Assistant professor of philosophy Sasha Mudd wrote an op-ed in The New York Times Oct. 10 that presented, “The other day, my 7-year-old, having gotten wind of President Trump’s Covid-19 diagnosis, asked me point blank, ‘Mommy, are you glad that Trump got the coronavirus?’”
“Here’s how I explained the moral quandary to my 7-year-old: I am sad that Mr. Trump got sick because in general suffering is bad, and I don’t want anyone to suffer, but on the other hand I think he should suffer consequences for the harm he has done,” Mudd wrote. “This answer seemed satisfying enough at the time, but it left out an important distinction. What I did not try to explain is that the punishment that Mr. Trump’s bout of Covid-19 represents is merely symbolic, a stand-in for the real punishment he deserves, which is necessarily social in character. Mr. Trump deserves to be punished at the ballot box and to be held accountable for any possible criminal wrongdoing in a court of law.”
The reader responses ranged in everything from, “I must admit that the irony that he may well lose the election because he refused to take Covid-19 seriously gives pleasure to some of us,” to “I have worked with many people who police their thoughts and are severely inhibited by the repression it requires.”
Many of us have wished the Russian-compromised illegitimate president with the slimy anti-everything rhetoric that has embedded it’s evil and hatred into our society – and democracy – ill. As Donald J. Trump continues to slide his gaslighting antics on his White supremacist followers for the nth time, America is beginning to wake up to a new dawn. Still, does thinking bad thoughts about the president cause you to be a horrible human being? And is it even worth admitting these thoughts to others?
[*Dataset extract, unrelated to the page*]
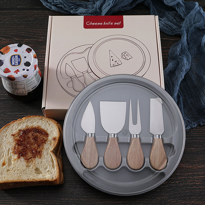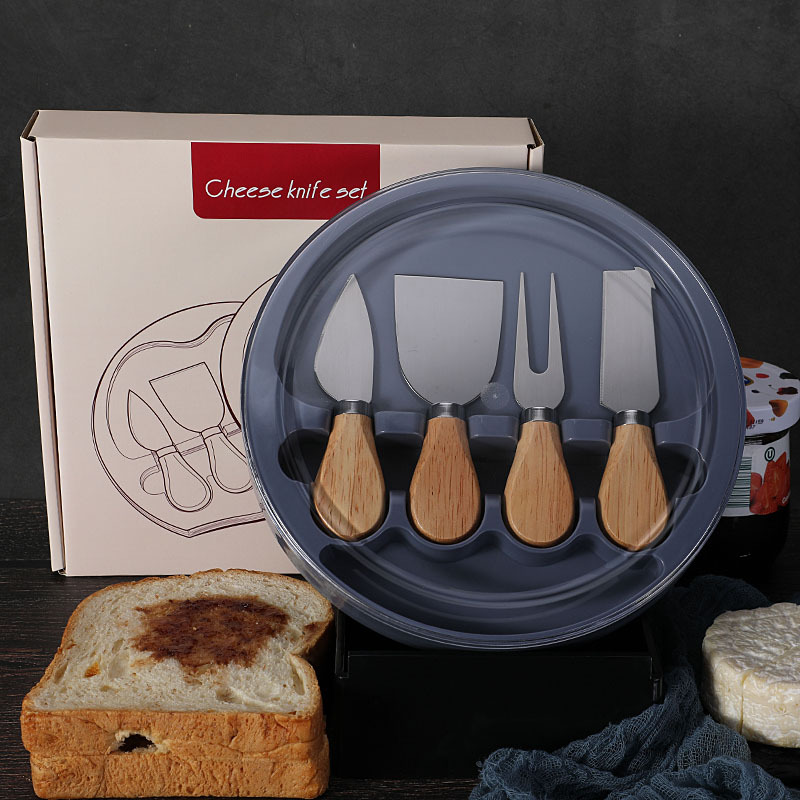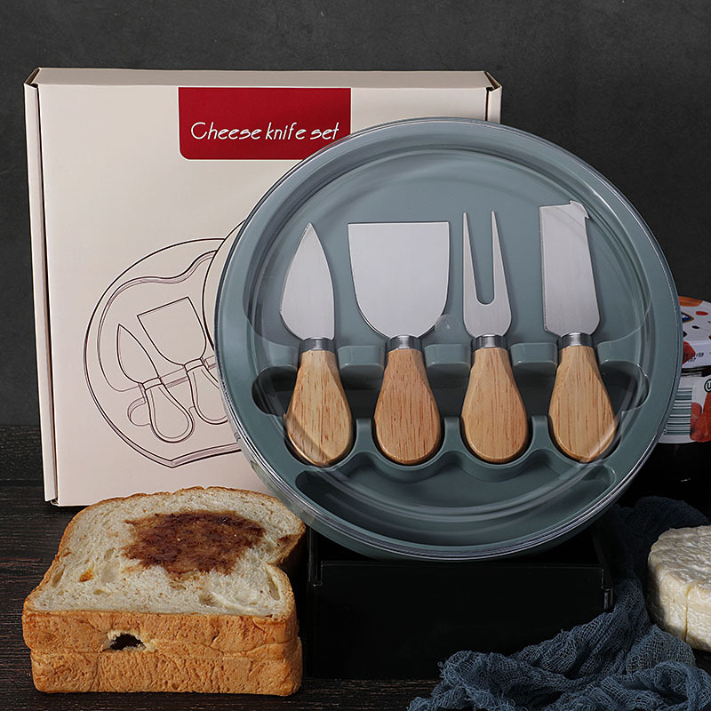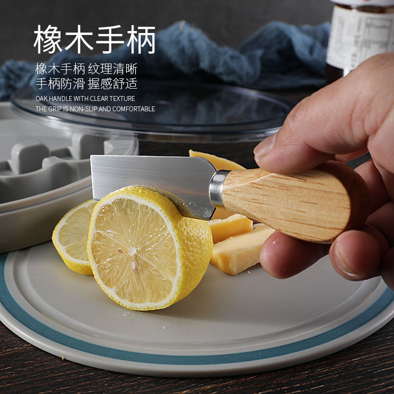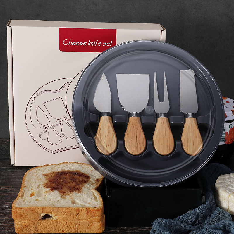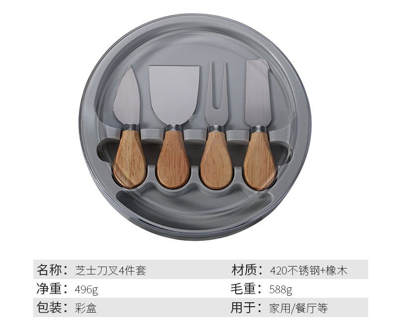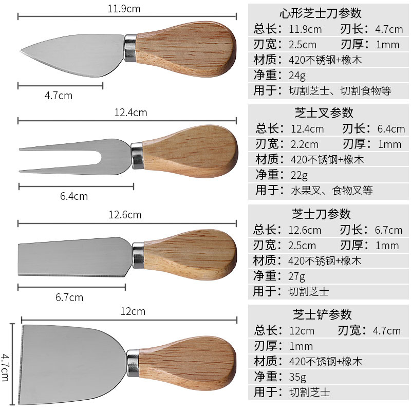 新款盒装4件套奶油奶酪刀叉套装不锈钢芝士工具橡木柄芝士刀配

“I think Sasha Mudd overlooks a basic point,” wrote William James Earle. “Wishing harm, feeling glee at another’s suffering and even hoping that someone will die are all causally inert. They don’t in themselves hurt anyone. What morality strictly forbids is taking the smallest step, the least action, to hurt another, cause suffering or bring about death. We have to worry about what we do, not what we feel.”